Try it
Exactly as written, copy every line from the one containing "A fresh round" through the end of the records, with the pictures left out.

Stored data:
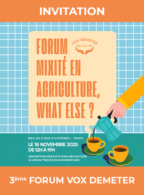 Lors du premier Forum VoxDemeter en 2023, nous avions questionné le monde agricole sur son ambition à s’ouvrir à plus de mixité. En 2024, nous avons mis au centre de cet effort les indispensables interactions collaboratives. Un an après la sortie de la Note Agridées-VoxDemeter « Entrepreneuriat féminin en agriculture : libérer les potentiels ! » nous vous invitons à mobiliser nos énergies communes pour appréhender les différentes solutions pour soutenir la transformation de l’agriculture » dans ses dimensions économiques, environnementales et sociétales. Programme : - Accueil à partir de 11h30
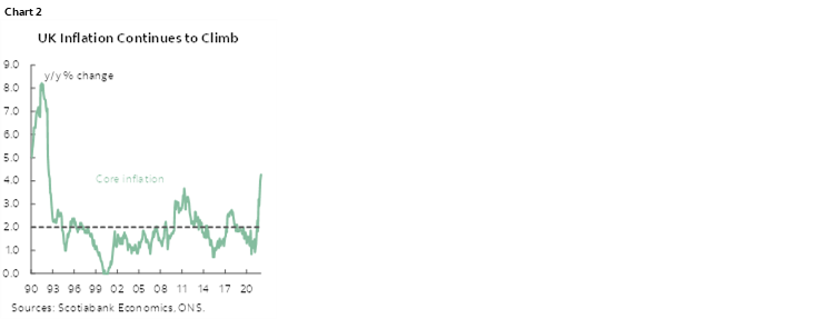 A fresh round of forecasts will inform policy directions. Near-term growth downgrades and stronger inflationary impulses are likely. UK inflation is already running at 5.4% y/y with core at 4.2% y/y which is the highest core reading since June 1992 and far above the BoE’s 2% target (chart 2). That could also provide the impetus to start allowing quantitative tightening through allowing maturing bonds to start dropping off the balance sheet.
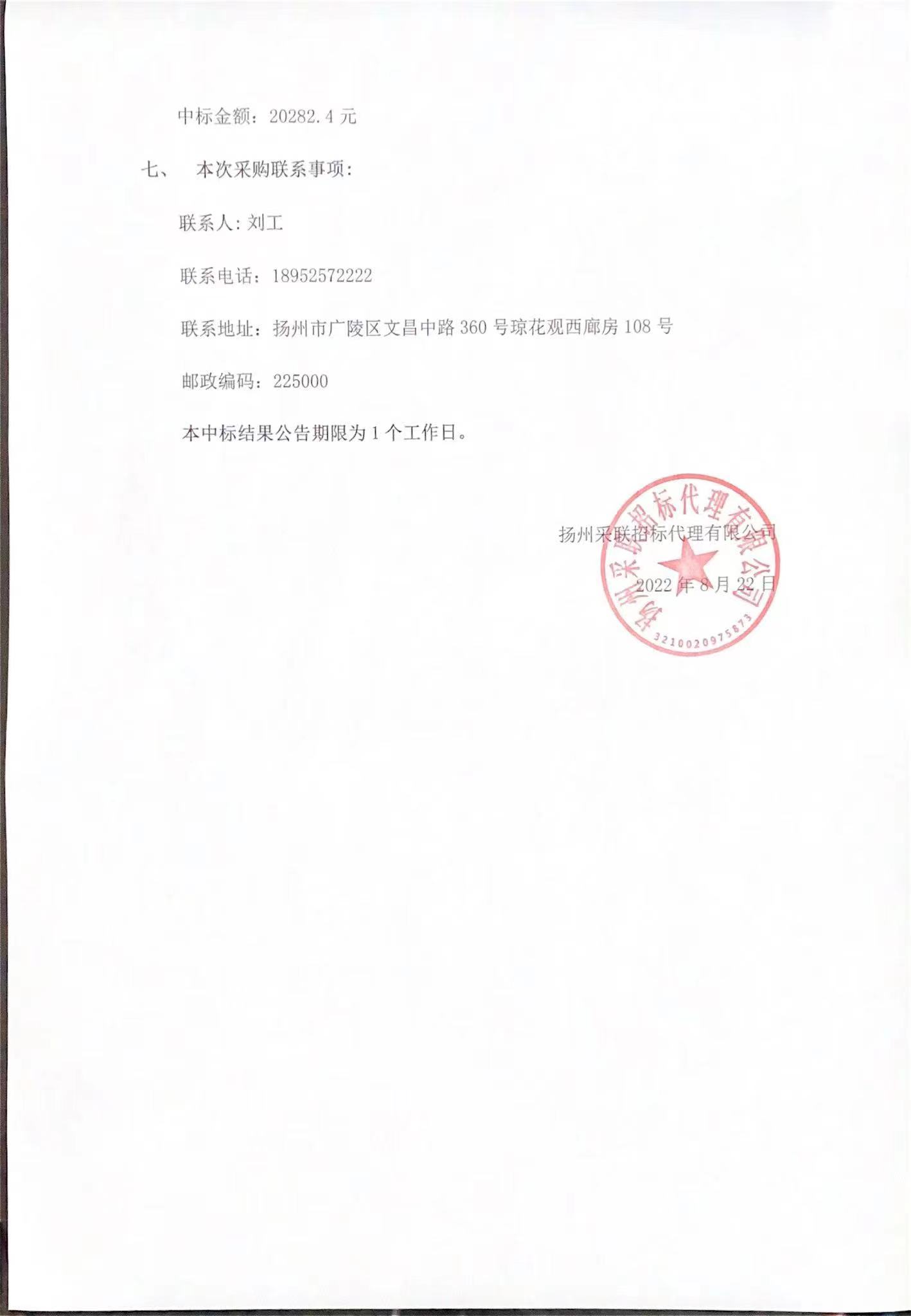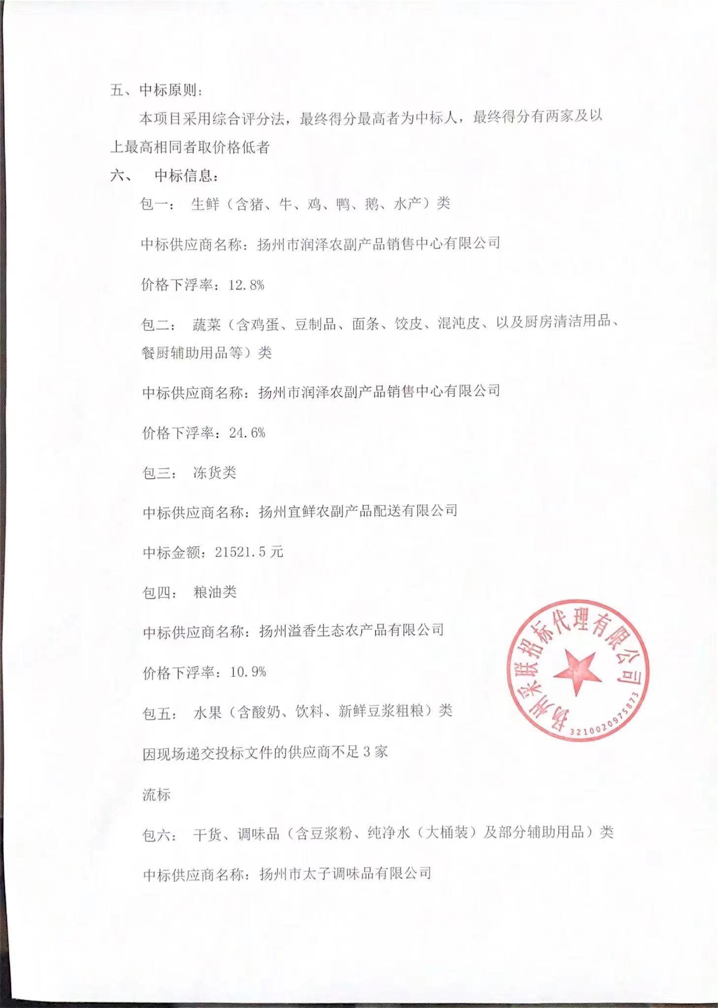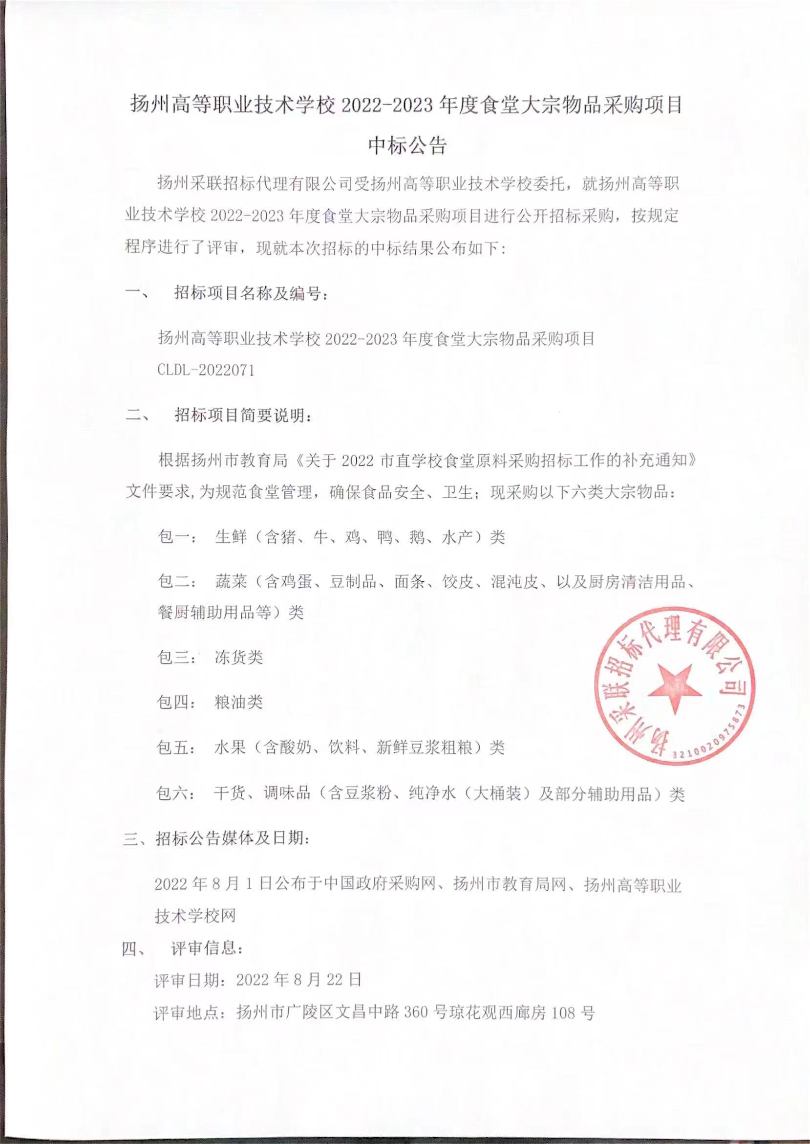 扬州高等职业技术学校2022-2023年度食堂大宗物品采购项目 中标公告
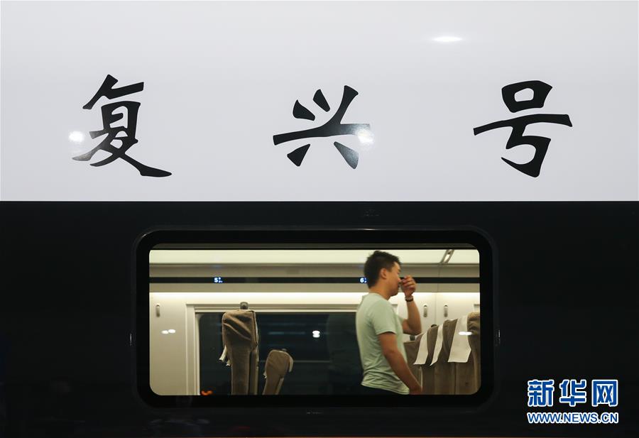 6月26日,在北京南站,“復(fù)興號”G123次列車等候出發(fā)。 當(dāng)日,中國標(biāo)準(zhǔn)動車組“復(fù)興號”在京滬高鐵兩端的北京南站和上海虹橋站雙向首發(fā),分別擔(dān)當(dāng)G123次和G124次高速列車!皬(fù)興號”是由中國鐵路總公司牽頭組織研制、具有完全自主知識產(chǎn)權(quán)、達(dá)到世界先進(jìn)水平的中國標(biāo)準(zhǔn)動車組。 新華社記者鞠煥宗攝 -
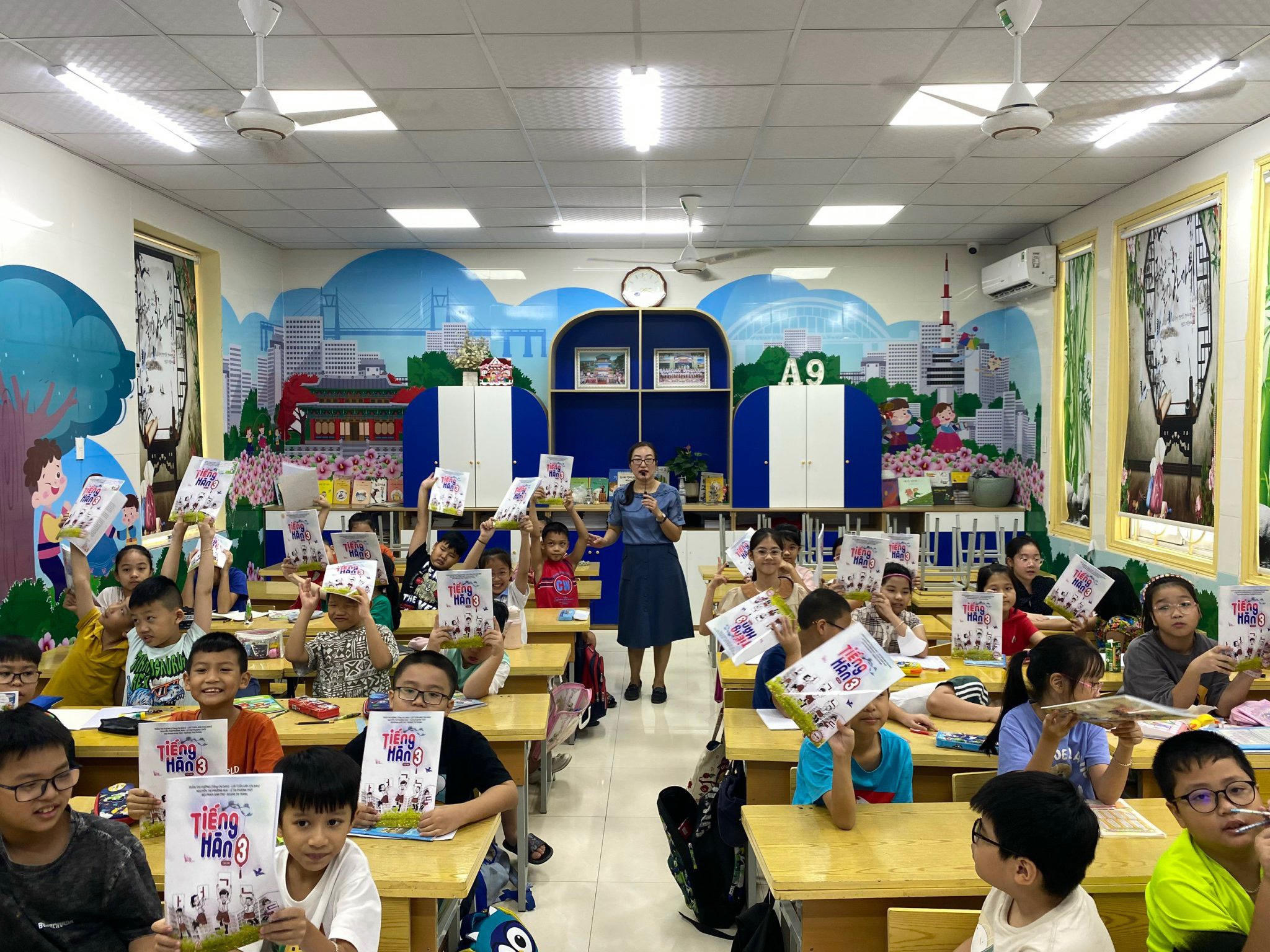 Học sinh trường Tiểu học Nguyễn Văn Tố (quận Lê Chân) hào hứng với ngoại ngữ tiếng Hàn Quốc. |

Solution
 A fresh round of forecasts will inform policy directions. Near-term growth downgrades and stronger inflationary impulses are likely. UK inflation is already running at 5.4% y/y with core at 4.2% y/y which is the highest core reading since June 1992 and far above the BoE’s 2% target (chart 2). That could also provide the impetus to start allowing quantitative tightening through allowing maturing bonds to start dropping off the balance sheet.
 扬州高等职业技术学校2022-2023年度食堂大宗物品采购项目 中标公告
 6月26日,在北京南站,“復(fù)興號”G123次列車等候出發(fā)。 當(dāng)日,中國標(biāo)準(zhǔn)動車組“復(fù)興號”在京滬高鐵兩端的北京南站和上海虹橋站雙向首發(fā),分別擔(dān)當(dāng)G123次和G124次高速列車!皬(fù)興號”是由中國鐵路總公司牽頭組織研制、具有完全自主知識產(chǎn)權(quán)、達(dá)到世界先進(jìn)水平的中國標(biāo)準(zhǔn)動車組。 新華社記者鞠煥宗攝 -
 Học sinh trường Tiểu học Nguyễn Văn Tố (quận Lê Chân) hào hứng với ngoại ngữ tiếng Hàn Quốc. |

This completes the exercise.